(Records contained in a dataset)

════

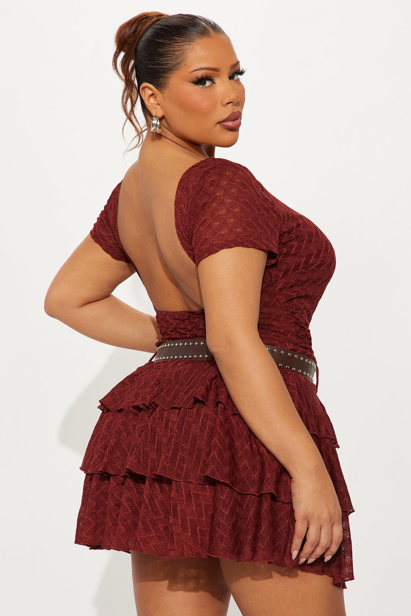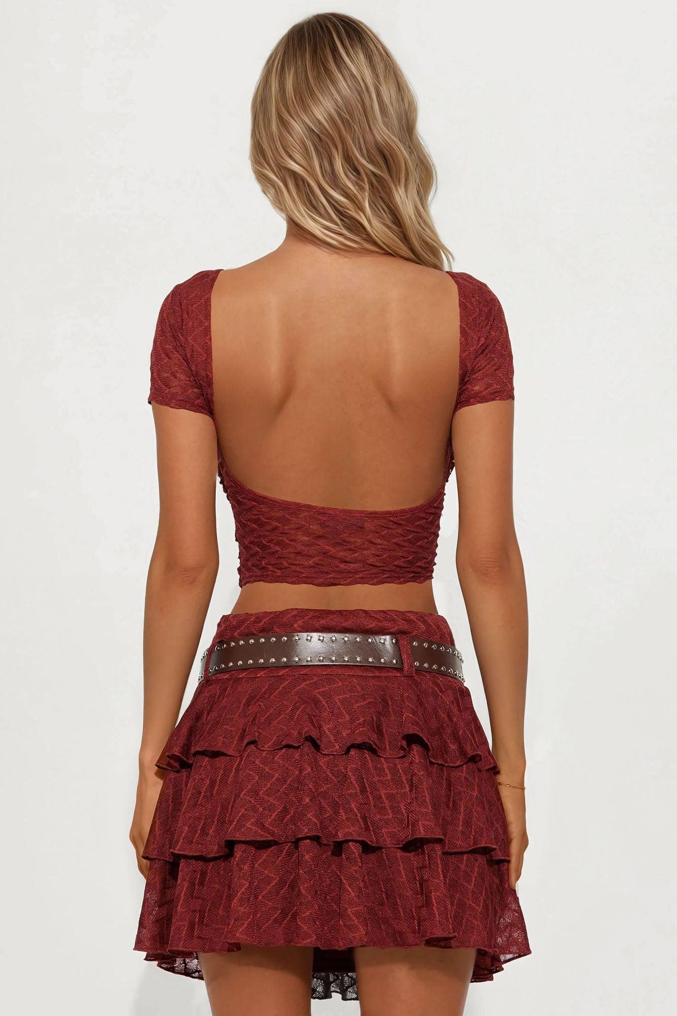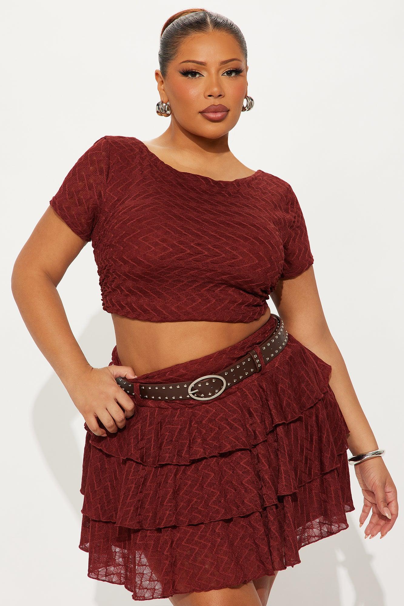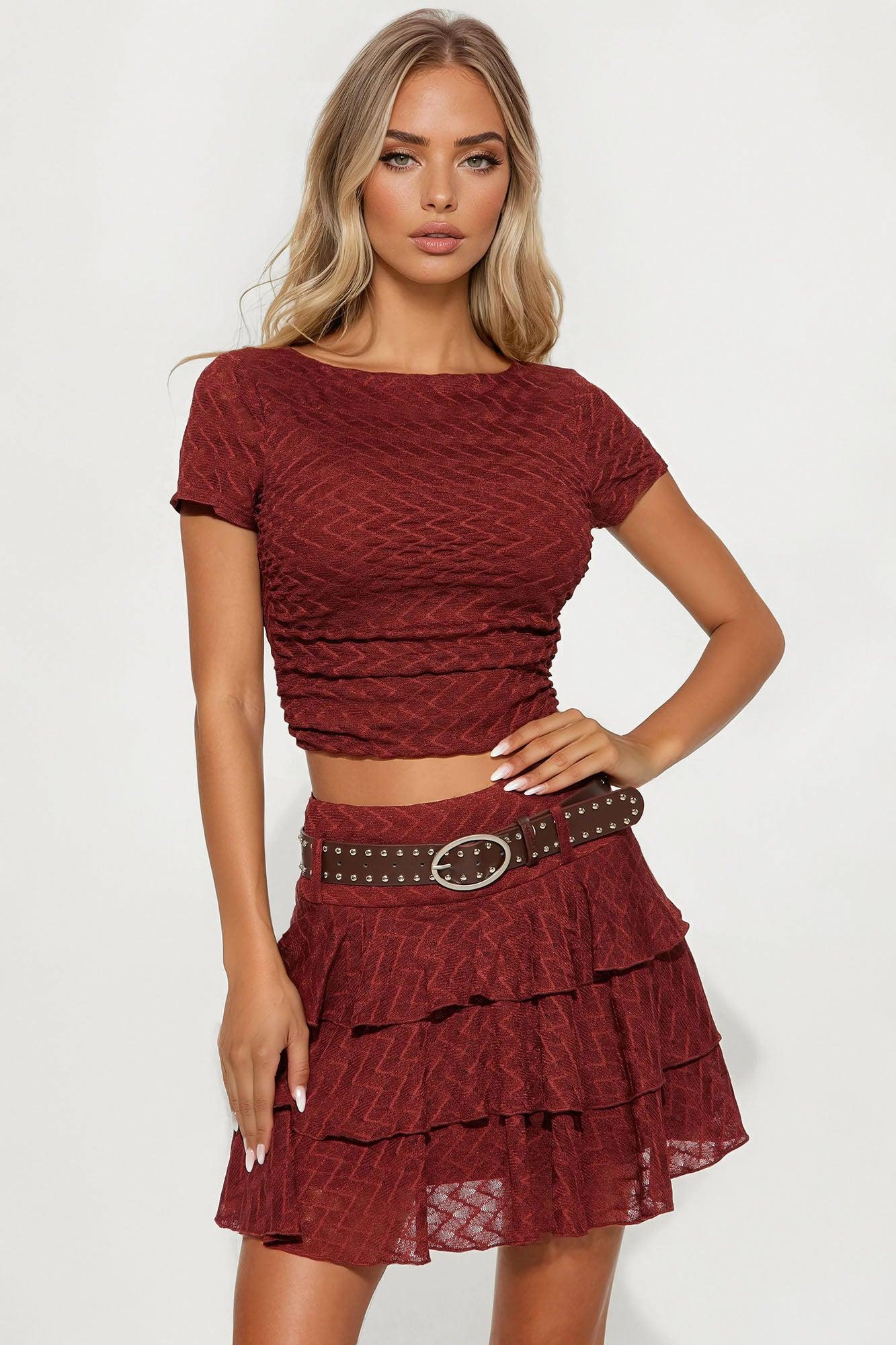 Available In Rust. Cap Sleeve Blouse and Mini Skirt Set Stretch 14.5" Length Invisible Side Zipper Closure Belt Included with Metal Design Ruffles Open Back Lined Side Ruched Self: 95% Polyester 5% Spandex Lining: 100% Polyester Imported California Proposition 65WARNING: Cancer and Reproductive Harm - www.P65Warnings.ca.gov.
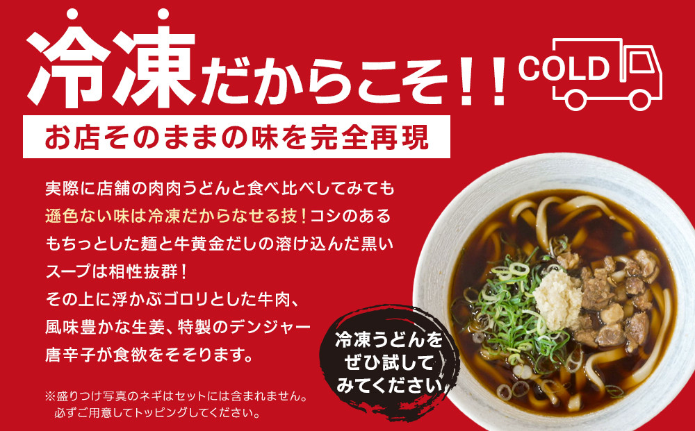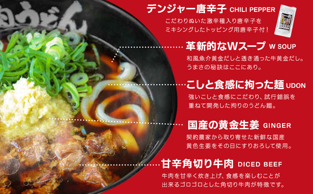 生姜、デンジャー唐辛子もセットにしており、ネギだけを準備頂ければ肉肉うどんが完成します。
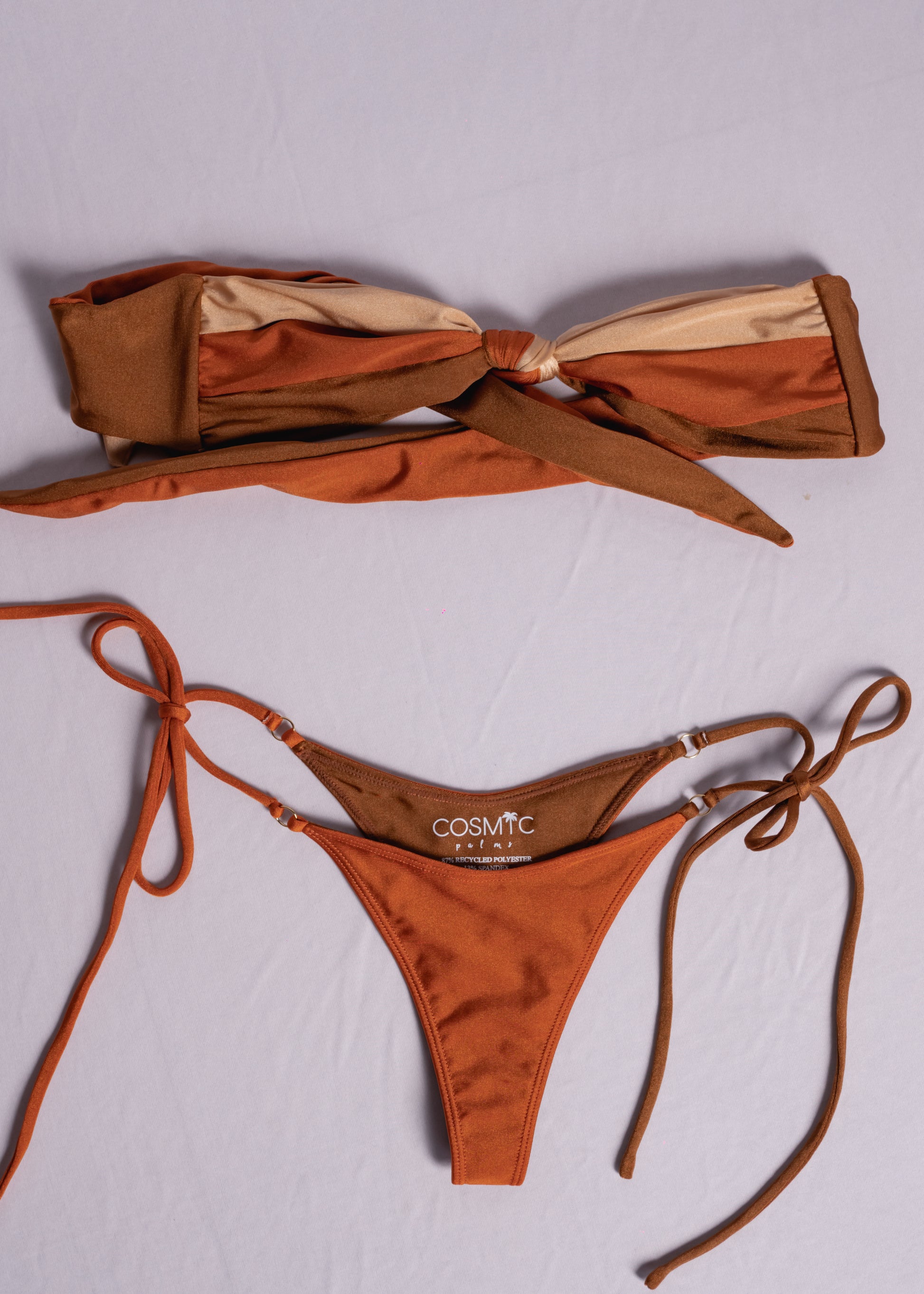 The Bibi Top features a strapless bandeau top, charming tie-back and front knot with attention to detail in the twist of color. Featuring a blend of 3 shimmering fabrics, cinnamon brown, classic nude and rustic orange.
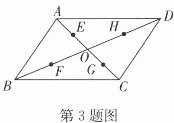 3. 如图,在$□ ABCD$中,$AC,BD$ 相交于点 $O,E,F,G,H$ 分别是 $AO,BO,CO,DO$ 的中点,那么以图中的点为顶点的平行四边形共有
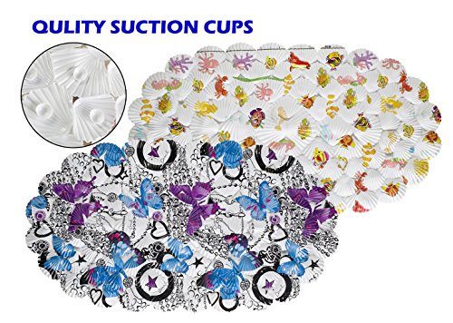 Cartoon Sea Shell Oval Suction Non-slip Natural Rubber Bathtub Shower Bath Mat Anti-Bacterial Tub Kitchen Balcony Washable (14.3"×26", Butterfly)
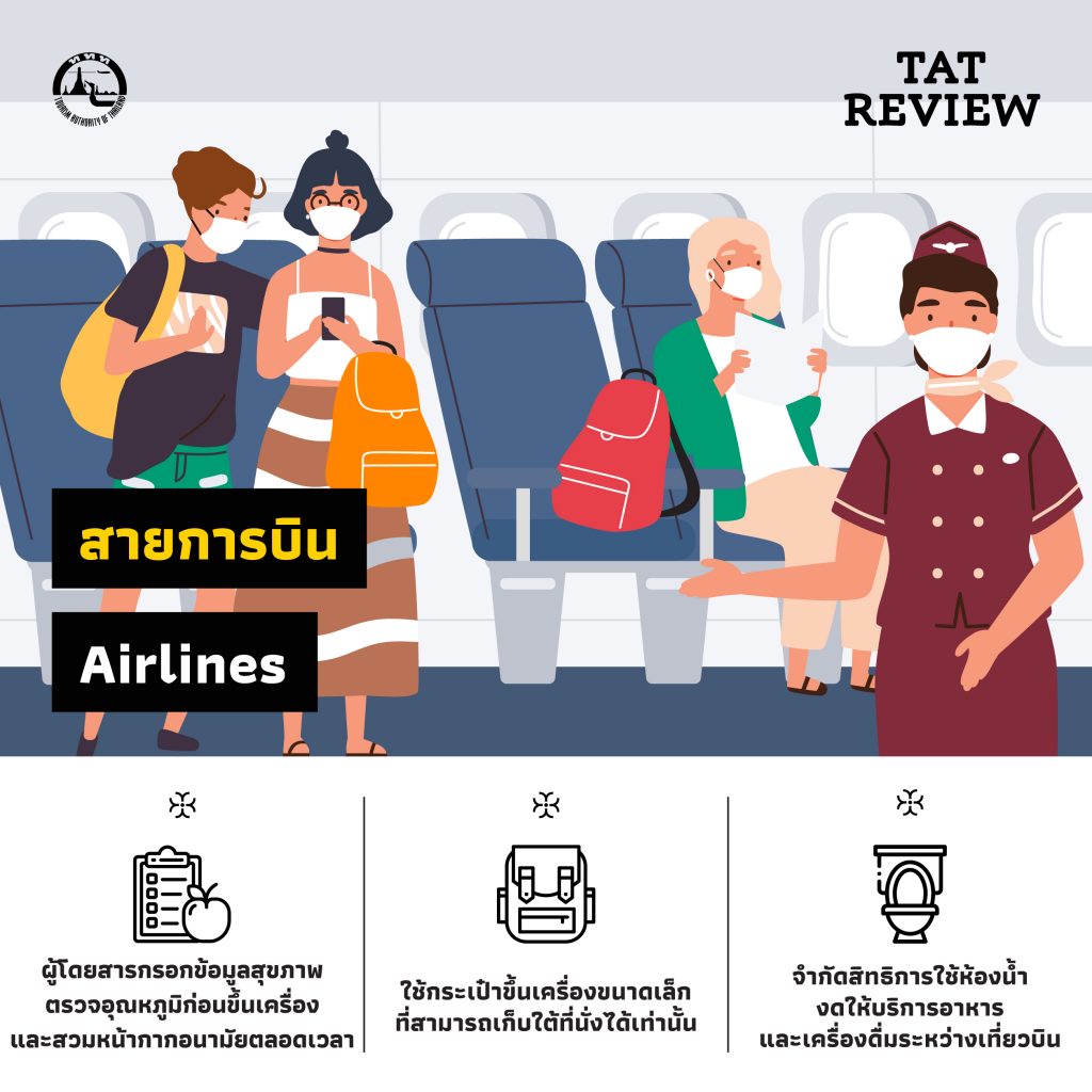 – ผู้โดยสารต้องกรอกข้อมูลสุขภาพ ตรวจอุณหภูมิก่อนขึ้นเครื่อง และสวมหน้ากากอนามัยตลอดเที่ยวบิน

════

What you should do =>
The data above holds the lines to copy: start at the one with "生姜、デンジャー唐辛子もセッ", stop at the one with "3. 如图,在$□ ABCD$中,$AC,BD$", include both, copy them exactly without pictures, and copy nothing else.

Reply =>
 生姜、デンジャー唐辛子もセットにしており、ネギだけを準備頂ければ肉肉うどんが完成します。
 The Bibi Top features a strapless bandeau top, charming tie-back and front knot with attention to detail in the twist of color. Featuring a blend of 3 shimmering fabrics, cinnamon brown, classic nude and rustic orange.
 3. 如图,在$□ ABCD$中,$AC,BD$ 相交于点 $O,E,F,G,H$ 分别是 $AO,BO,CO,DO$ 的中点,那么以图中的点为顶点的平行四边形共有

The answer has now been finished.